### Supplied information
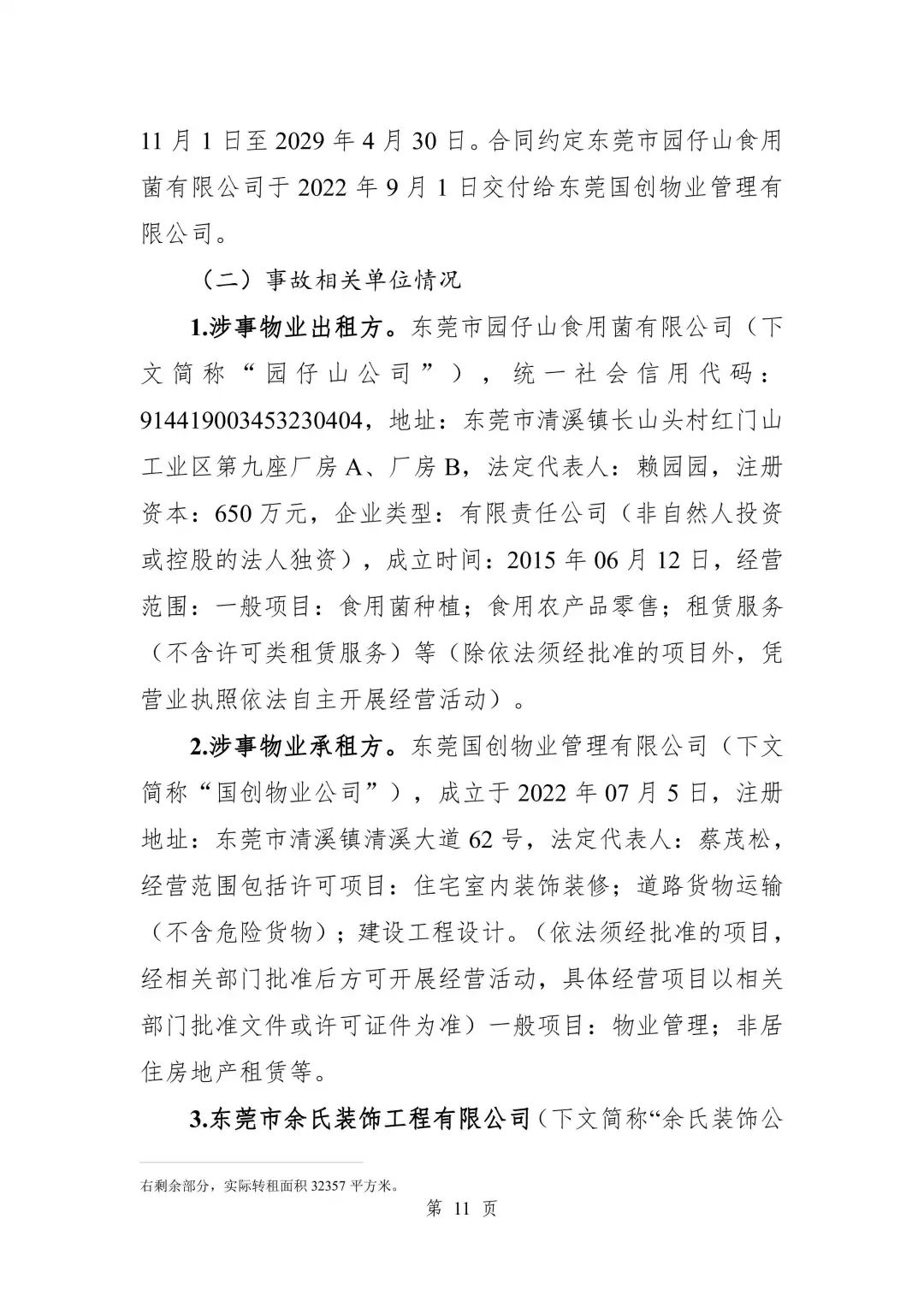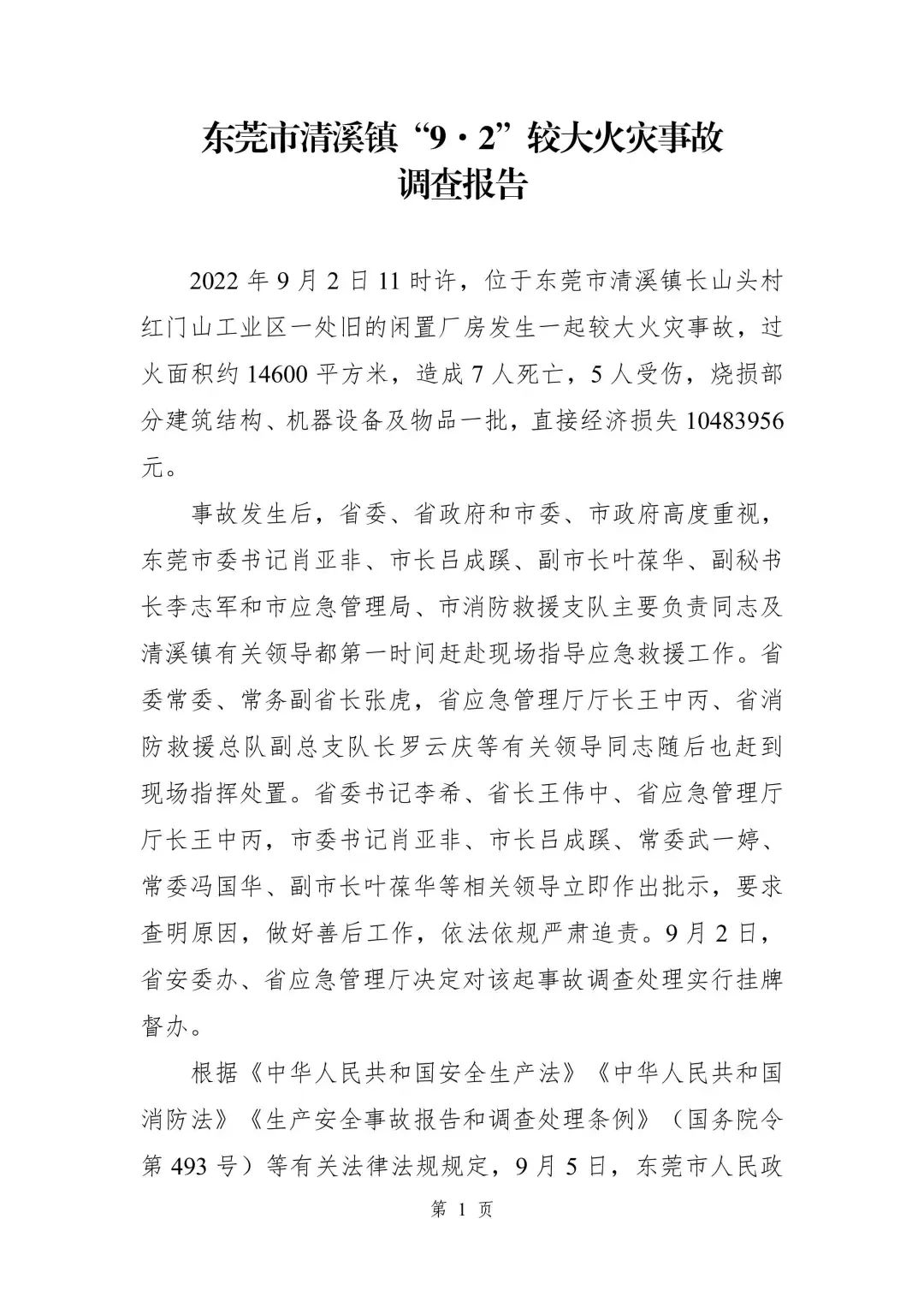 2022年9月2日11时许,位于东莞市清溪镇长山头村红门山工业区一处旧的闲置厂房发生一起较大火灾事故,过火面积约14600平方米,造成7人死亡,5人受伤,烧损部分建筑结构、机器设备及物品一批,直接经济损失约1048.39万元。
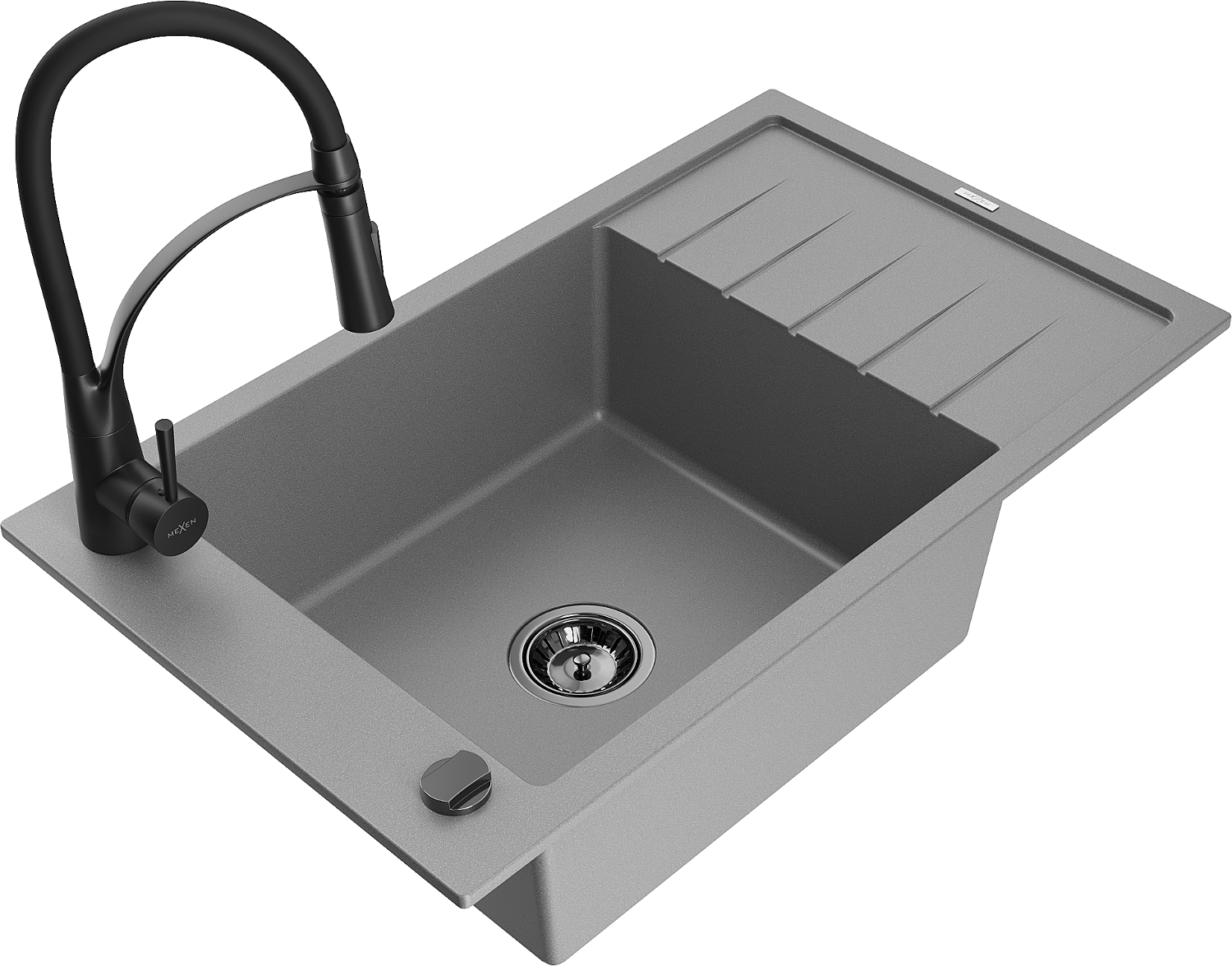 Mexen Elias гранитна мивка с 1 отделение с отцедник и кухненски смесител Aster, сив - 6511-71-73450-70-B
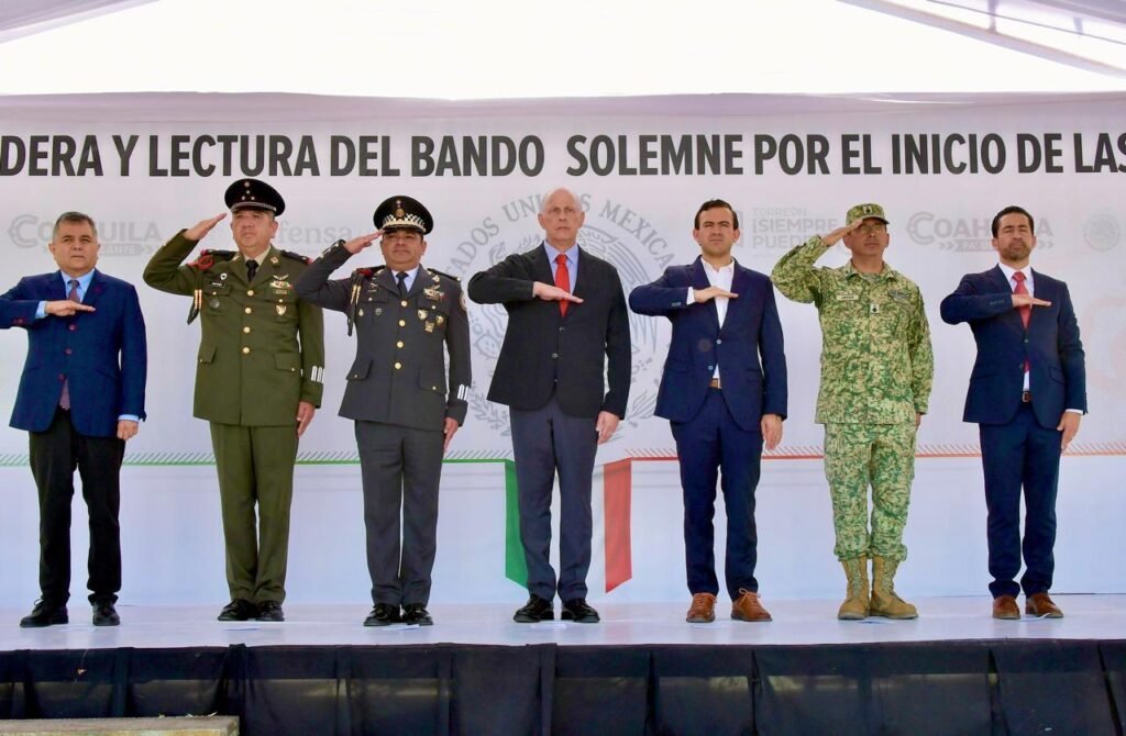 En representación del gobernador Manolo Jiménez Salinas asistió Gabriel Elizondo Pérez, coordinador general de Mejora Coahuila. También participaron el secretario del Ayuntamiento, Eduardo Olmos Castro; integrantes del Cabildo; y mandos de la XI Región Militar, el Mando Especial de La Laguna y la Guardia Nacional.

### Assigned task
Please give the data again in full, exactly as written, but without any images.

### Output for this exercise
 2022年9月2日11时许,位于东莞市清溪镇长山头村红门山工业区一处旧的闲置厂房发生一起较大火灾事故,过火面积约14600平方米,造成7人死亡,5人受伤,烧损部分建筑结构、机器设备及物品一批,直接经济损失约1048.39万元。
 Mexen Elias гранитна мивка с 1 отделение с отцедник и кухненски смесител Aster, сив - 6511-71-73450-70-B
 En representación del gobernador Manolo Jiménez Salinas asistió Gabriel Elizondo Pérez, coordinador general de Mejora Coahuila. También participaron el secretario del Ayuntamiento, Eduardo Olmos Castro; integrantes del Cabildo; y mandos de la XI Región Militar, el Mando Especial de La Laguna y la Guardia Nacional.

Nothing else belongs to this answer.